- Film poster
- Directed by: Tim Clague Danny Stack
- Written by: James Carey Tim Clague Danny Stack
- Produced by: Jan Caston Tim Clague Danny Stack
- Starring: Bonnie Wright
- Cinematography: Sam Morgan Moore
- Edited by: Fiorella Santaniello
- Music by: Titas Petrikis
- Production company: Nelson Nutmeg Pictures
- Distributed by: Evolutionary Films (UK) TriCoast Entertainment (USA)
- Release date: 10 October 2015 (BFI London Film Festival);
- Running time: 82 minutes
- Country: United Kingdom
- Language: English

= Who Killed Nelson Nutmeg? =

Who Killed Nelson Nutmeg? is a 2015 British independent family comedy-mystery film written and directed by Tim Clague and Danny Stack and starring Bonnie Wright.

==Premise==
Four children on a summer camp holiday suspect the park's mascot, Nelson Nutmeg, has been murdered so they set out to investigate.

==Cast==
- Bonnie Wright as Diane
- Loretta Walsh as Billie
- Hattie Gotobed as The Colonel
- James Grogan as Woody
- JJ Brown as Shiv
- Jonah Alexander as Swindon
- Mark Vernon Freestone as Uncle Derek
- Russell Biles as Mr Slug
- Jamie Lee-Hill as Nelson Nutmeg

==Production==
Who Killed Nelson Nutmeg? was filmed on location in Bournemouth and Bridport. Most of the filming took place at the Freshwater Beach Holiday Park, near Bridport. According to Danny Stack, filming began on late August 2014 and wrapped up in October 2014.

==Release==
The film premiered on 10 October 2015 at the 59th BFI London Film Festival.

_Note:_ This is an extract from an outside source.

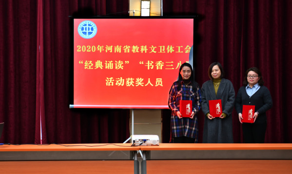 会上,工会相关负责人分别宣读了河南省教科文卫体工会关于“学习习近平新时代中国特色社会主义思想”经典诵读活动、“书香三八”读书活动的获奖情况及我校2020年度“三八”红旗手表彰决定。许琰、谢乾分别为受表彰的女教职工颁奖。
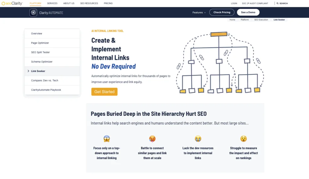 seoClarity’s Link Seeker is an AI-powered internal linking tool built for large websites that need to scale internal linking without heavily reliance on development resources.

On 24 June 2016 TriCoast Entertainment released the film on premium VOD and digital platforms.

==Reception==
Screen Daily was mixed in their opinion, closing their article with the statement "Nelson Nutmeg falls to pieces the moment you try and untangle the twist ending, suggesting that Clague and Stack may have rather underestimated the sophistication of their target audience." MuggleNet was more positive, writing "While a children’s film at its core, Who Killed Nelson Nutmeg? is thoroughly enjoyable for anyone, young or old."